== Dataset records ==

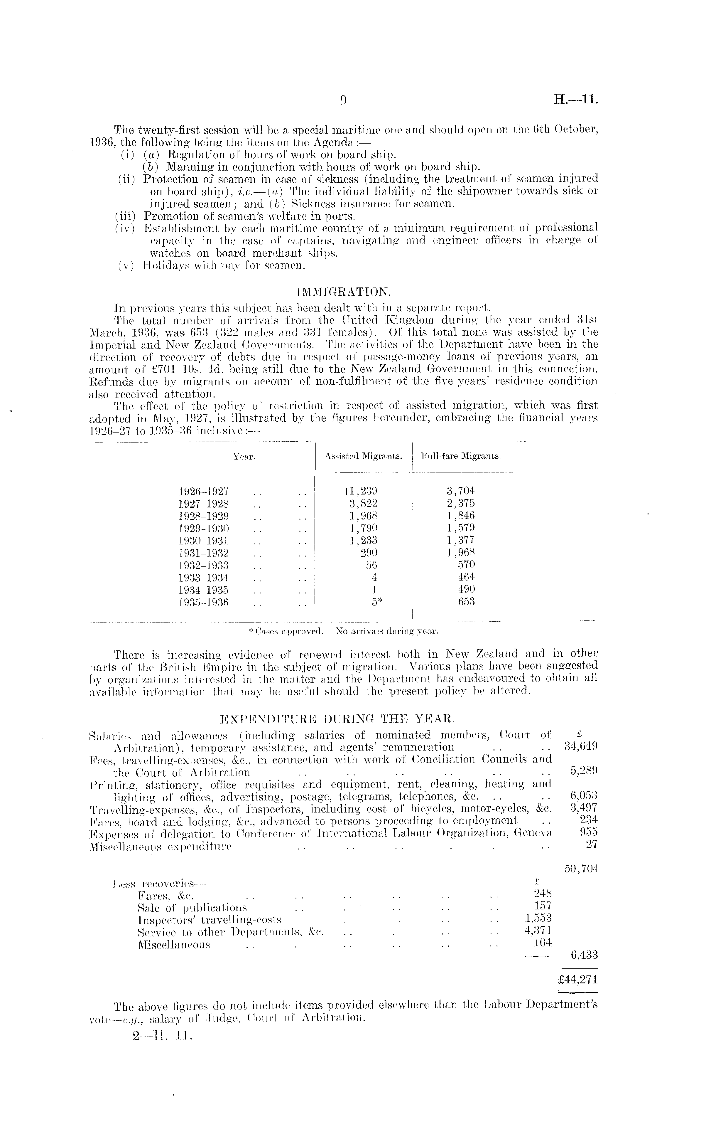 The twenty-first session will be a special maritime one and should open on the 6th October, 1936, the following being the items on the Agenda:— (i) (a) Regulation of hours of work on board ship. (6) Manning in conjunction with hours of work on board ship. (ii) Protection of seamen in case of sickness (including the treatment of seamen injured on board ship), i.e.— (a) The individual liability of the shipowner towards sick or injured seamen; and (5) Sickness insurance for seamen. (iii) Promotion of seamen's welfare in ports. (iv) Establishment by each maritime country of a minimum requirement of professional capacity in the case of captains, navigating and engineer officers in charge of watches on board merchant ships. (v) Holidays with pay for seamen. IMMIGRATION. In previous years this subject has been dealt with in a separate report. The total number of arrivals from the United Kingdom during the year ended 31st March, 1936, was! 653 (322 males and 331 females). Of this total none was assisted by the Imperial and New Zealand Governments. The activities of the Department have been in the direction of recovery of debts due in respect of passage-money loans of previous years, an amount of £701 10s. 4d. being still due to the New Zealand Government in this connection. Refunds due by migrants on account of non-fulfilment of the five years' residence condition also received attention. The effect of the policy of restriction in respect of assisted migration, which was first adopted in May, 1927, is illustrated by the figures hereunder, embracing the financial years 1926-27 to 1935-36 inclusive: —
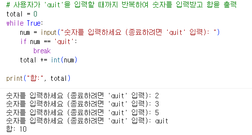 이런식으로 quit을 입력할때까지 루프가 계속되어 quit을 눌러야 루프가 끝나는 것을 볼 수 있습니다.
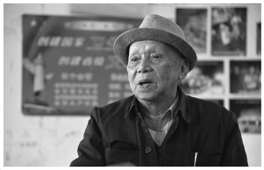 图为“老人梦广播站”的发起者96岁高龄的退休教师邱世兴。
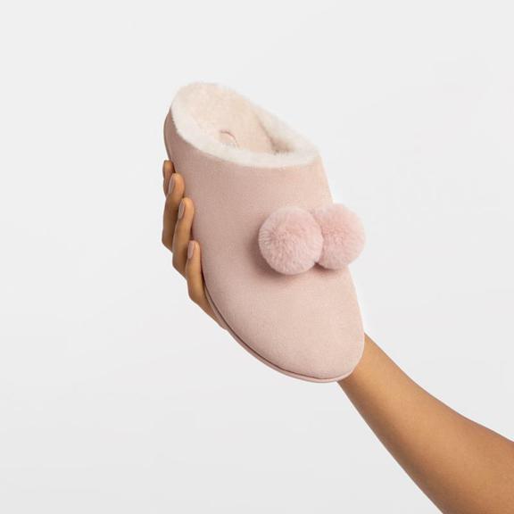 Modern, minimal, majorly light and comfy – these addictive little slippers were made for lounging in style. Here in rich suede with fluffy faux-fur pom poms, this version features a cosy, ultra-soft shearling lining, single-piece, softly padded uppers and our ultra-sleek, featherlight, ergonomically shaped iQushion™ midsoles. With rubber outsoles so you can pop outside (though wearing these you may never want to leave the house). Scotchgard™ protected.
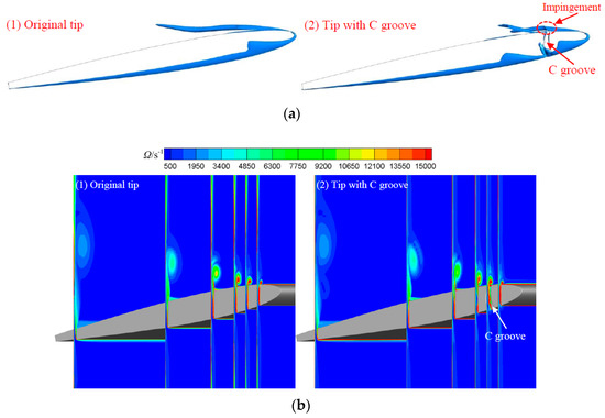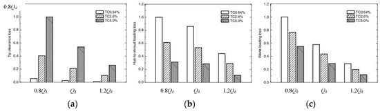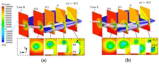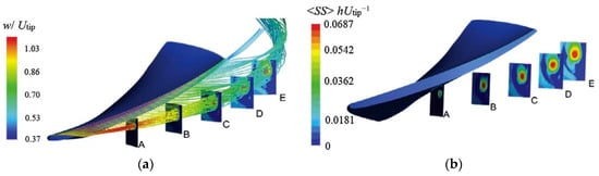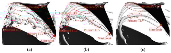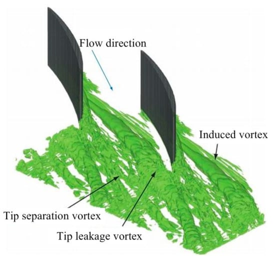 These complicated vortexes have a remarkable influence on the flow pattern. Studies on the mechanisms of viscous losses [39,40,41] show that the TLV and leakage flow can lead to violent turbulence intensity, which increases the viscous losses near the tip clearance. Using the results from numerical simulation, You et al. proposed strategies to improve the engineering design, such as optimizing the direction of leakage flow by changing the tip shape.
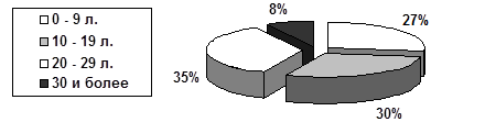 1. Время работы в данной организации. Большинство работников исследуемой организации работают в ней довольно продолжительное время. В сумме от 10 до 30 и более лет в данной организации работает 73% опрошенных. Менее 5 лет работают лишь 7 человек, то есть 19%.
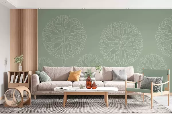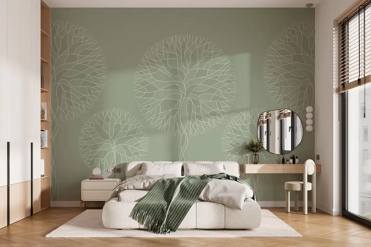 Fotomurales Árboles lineales fantásticos con copas frondosas en tonos verde claro. Nr. w05213v6
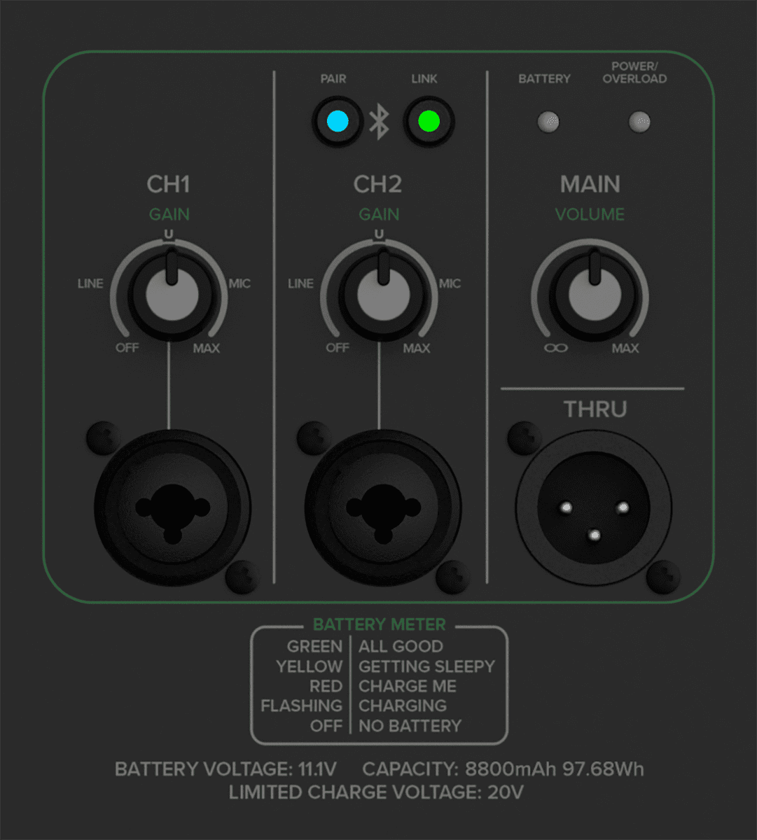 Contrôles : Gain Ch1, Gain Ch2, Main Volume, Appairage Bluetooth
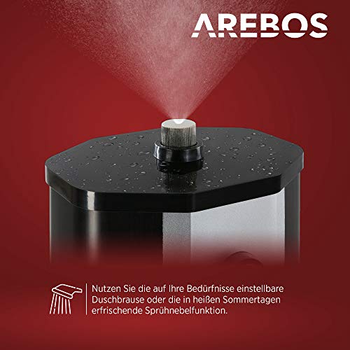 Umweltfreundlich und energiesparend dank Sonnenenergie: Bei geeigneter Standortwahl und optimaler Sonneneinstrahlung kann sich das Wasser in dem Duschtank der Gartendusche bis auf 60° C erhitzen. Dank der mitgelieferten Schrauben, Dübel und Unterlegscheiben ist die AREBOS Solardusche in Kürze einsatzbereit.
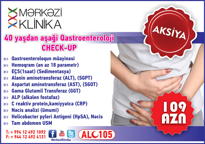 Aprel ayının sonunadək MK Ambulatoriyada endirimli 40 yaşından aşağı Qastroenteroloji Check-Up cəmi 109 AZN
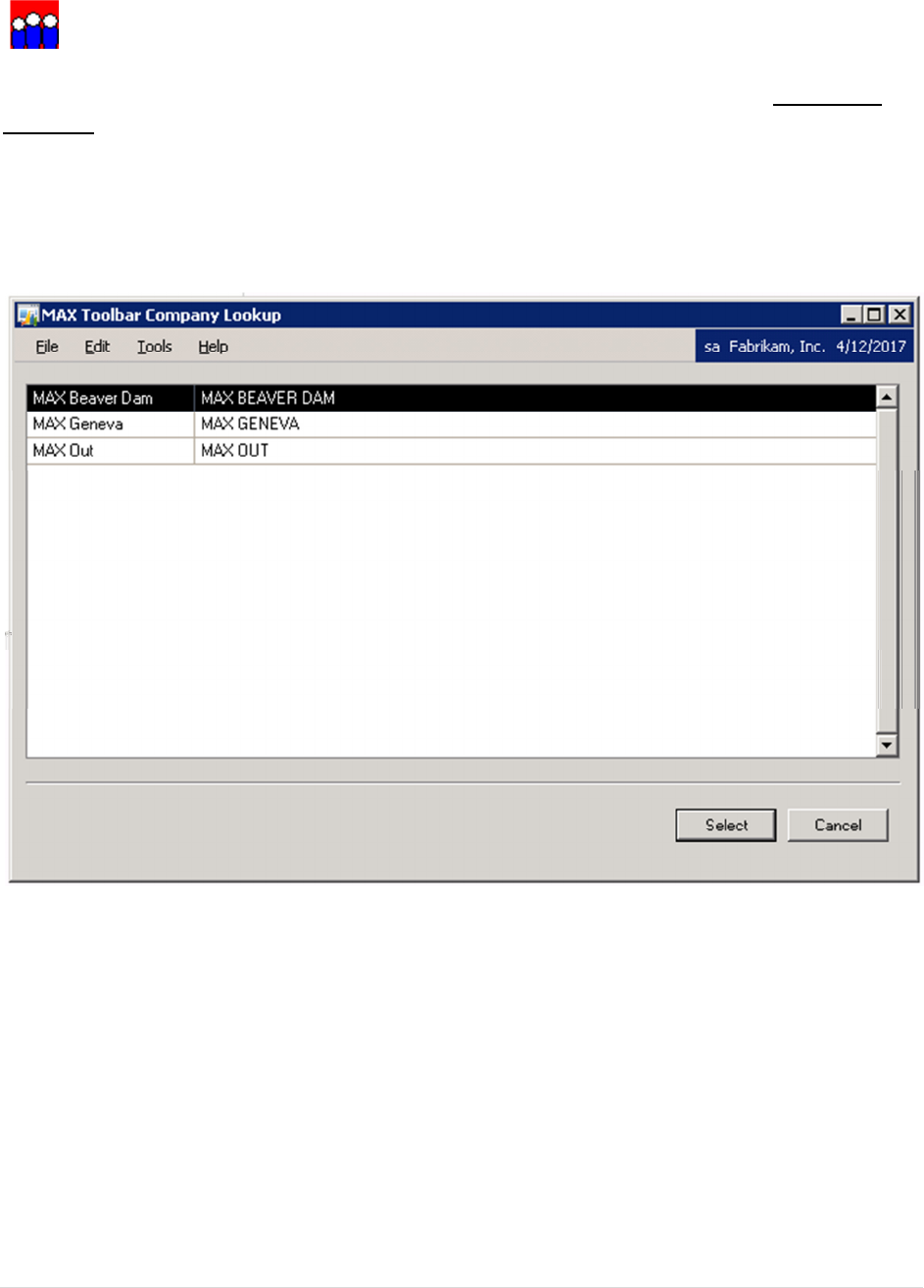 When the Customer Maintenance window is opened, MAX Toolbar opens the Select MAX
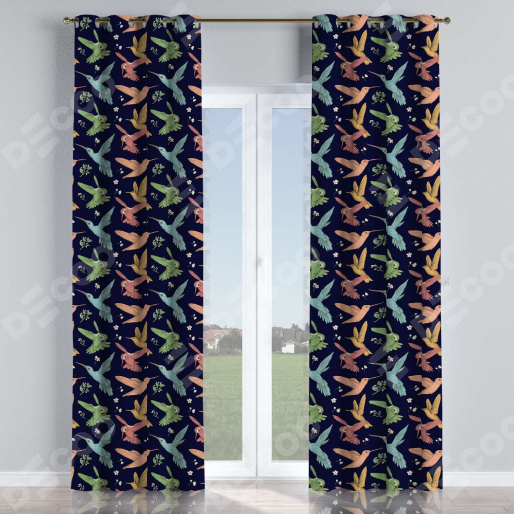 Комплект прямых штор, от производителя «Cortin», пошиты из ткани блэкаут с нанесением сублимационной печати «Птицы и цветы». Данная модель пошита на люверсах, комплектуется на выбор круглым карнизом и подходит для монтажа на стену или потолок. Прямые шторы на люверсах шьются по стандарту с коэффициентом 1/2 (на 100 см. ширины проёма 200 см. ширины ткани), отличительным преимуществом данной модели является простой способ монтажа. Достаточно повесить ее на трубу и штора готова!

===

## Aim of the task:
Write the lines above out again exactly, excluding every picture.

## Output for this exercise:
 The twenty-first session will be a special maritime one and should open on the 6th October, 1936, the following being the items on the Agenda:— (i) (a) Regulation of hours of work on board ship. (6) Manning in conjunction with hours of work on board ship. (ii) Protection of seamen in case of sickness (including the treatment of seamen injured on board ship), i.e.— (a) The individual liability of the shipowner towards sick or injured seamen; and (5) Sickness insurance for seamen. (iii) Promotion of seamen's welfare in ports. (iv) Establishment by each maritime country of a minimum requirement of professional capacity in the case of captains, navigating and engineer officers in charge of watches on board merchant ships. (v) Holidays with pay for seamen. IMMIGRATION. In previous years this subject has been dealt with in a separate report. The total number of arrivals from the United Kingdom during the year ended 31st March, 1936, was! 653 (322 males and 331 females). Of this total none was assisted by the Imperial and New Zealand Governments. The activities of the Department have been in the direction of recovery of debts due in respect of passage-money loans of previous years, an amount of £701 10s. 4d. being still due to the New Zealand Government in this connection. Refunds due by migrants on account of non-fulfilment of the five years' residence condition also received attention. The effect of the policy of restriction in respect of assisted migration, which was first adopted in May, 1927, is illustrated by the figures hereunder, embracing the financial years 1926-27 to 1935-36 inclusive: —
 이런식으로 quit을 입력할때까지 루프가 계속되어 quit을 눌러야 루프가 끝나는 것을 볼 수 있습니다.
 图为“老人梦广播站”的发起者96岁高龄的退休教师邱世兴。
 Modern, minimal, majorly light and comfy – these addictive little slippers were made for lounging in style. Here in rich suede with fluffy faux-fur pom poms, this version features a cosy, ultra-soft shearling lining, single-piece, softly padded uppers and our ultra-sleek, featherlight, ergonomically shaped iQushion™ midsoles. With rubber outsoles so you can pop outside (though wearing these you may never want to leave the house). Scotchgard™ protected.
 These complicated vortexes have a remarkable influence on the flow pattern. Studies on the mechanisms of viscous losses [39,40,41] show that the TLV and leakage flow can lead to violent turbulence intensity, which increases the viscous losses near the tip clearance. Using the results from numerical simulation, You et al. proposed strategies to improve the engineering design, such as optimizing the direction of leakage flow by changing the tip shape.
 1. Время работы в данной организации. Большинство работников исследуемой организации работают в ней довольно продолжительное время. В сумме от 10 до 30 и более лет в данной организации работает 73% опрошенных. Менее 5 лет работают лишь 7 человек, то есть 19%.
 Fotomurales Árboles lineales fantásticos con copas frondosas en tonos verde claro. Nr. w05213v6
 Contrôles : Gain Ch1, Gain Ch2, Main Volume, Appairage Bluetooth
 Umweltfreundlich und energiesparend dank Sonnenenergie: Bei geeigneter Standortwahl und optimaler Sonneneinstrahlung kann sich das Wasser in dem Duschtank der Gartendusche bis auf 60° C erhitzen. Dank der mitgelieferten Schrauben, Dübel und Unterlegscheiben ist die AREBOS Solardusche in Kürze einsatzbereit.
 Aprel ayının sonunadək MK Ambulatoriyada endirimli 40 yaşından aşağı Qastroenteroloji Check-Up cəmi 109 AZN
 When the Customer Maintenance window is opened, MAX Toolbar opens the Select MAX
 Комплект прямых штор, от производителя «Cortin», пошиты из ткани блэкаут с нанесением сублимационной печати «Птицы и цветы». Данная модель пошита на люверсах, комплектуется на выбор круглым карнизом и подходит для монтажа на стену или потолок. Прямые шторы на люверсах шьются по стандарту с коэффициентом 1/2 (на 100 см. ширины проёма 200 см. ширины ткани), отличительным преимуществом данной модели является простой способ монтажа. Достаточно повесить ее на трубу и штора готова!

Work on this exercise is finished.